Sanford Health doctor accused of performing unnecessary surgeries defrauding the federal government out of tens of millions of dollars

Local News

SIOUX FALLS, S.D. (KELO) – A Sioux Falls doctor is accused of performing unnecessary surgeries while the hospital where he worked is accused of doing nothing to stop them in order to make millions of dollars in kickbacks from Medicaid, Medicare and other health programs.

A massive lawsuit against Sanford Health and one of its neurosurgeons, Dr. Wilson Asfora, has just been unsealed in federal court and the allegations are serious.

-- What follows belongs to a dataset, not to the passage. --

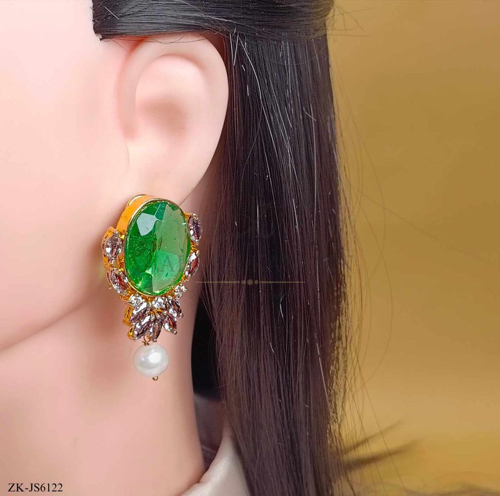 Handcrafted 22k gold plated mala alongside earrings studded with emerald, smoky stones and pearls.
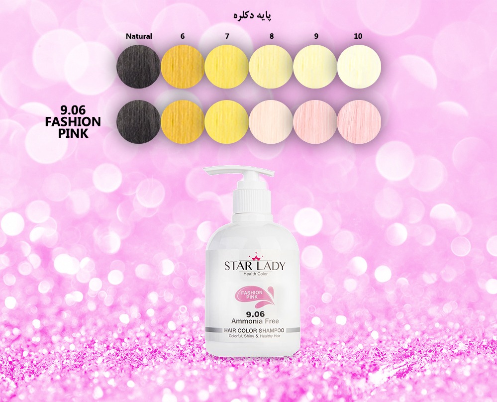 برای رسیدن به رنگ «صورتی» میبایست شامپو رنگ استارلیدی به شماره 9.06 بر روی موی دکلره پایه 9 (بلوند بسیار روشن) استفاده کرد. استفاده از این شامپو بر روی موهای تیرهتر از پایه9، و موهای طبیعی نتیجهای نخواهد داشت. مدت ماندگاری شامپو صورتی 3 شستشو است.

The more than 100-page complaint filed in 2016 alleges a neurosurgeon with Sanford Health defrauded the federal government, performed unnecessary surgeries and violated the law.

Dr. Wilson Asfora is accused of selling medical devices to Sanford. Asfora would then implant the devices in patients who suffered lower back pain starting back in May of 2011.

The two doctors who filed the lawsuit, Dr. C. Dustin Bechtold and Dr. Bryan Wellman, say they brought the concerns to top leadership at Sanford, but Sanford allowed it to continue to benefit from it.

The lawsuit details several examples of these alleged unnecessary procedures.

The lawsuit says all of these improper procedures by Dr. Asfora risk patient harm.

In one instance, a patient developed paralysis. He also allegedly performed unnecessary surgeries on a patient with blood clots.

Dr. Asfora is also accused of a cover up in the lawsuit, with claims he fabricated and falsified medical records to cover his alleged mistakes.

The lawsuit says the United States suffered substantial losses in an amount that exceeds tens of millions of dollars and is entitled to those damages to be determined at trial.

KELOLAND News reached out to Sanford Health for comment.

Dr. Wilson Asfora is a talented surgeon, and we are confident in the care provided to our patients. The allegations in this lawsuit have been investigated and were found to have no merit. We’re confident the court system will agree – although it will likely be a long, drawn-out process which, from our understanding, could take up to five years.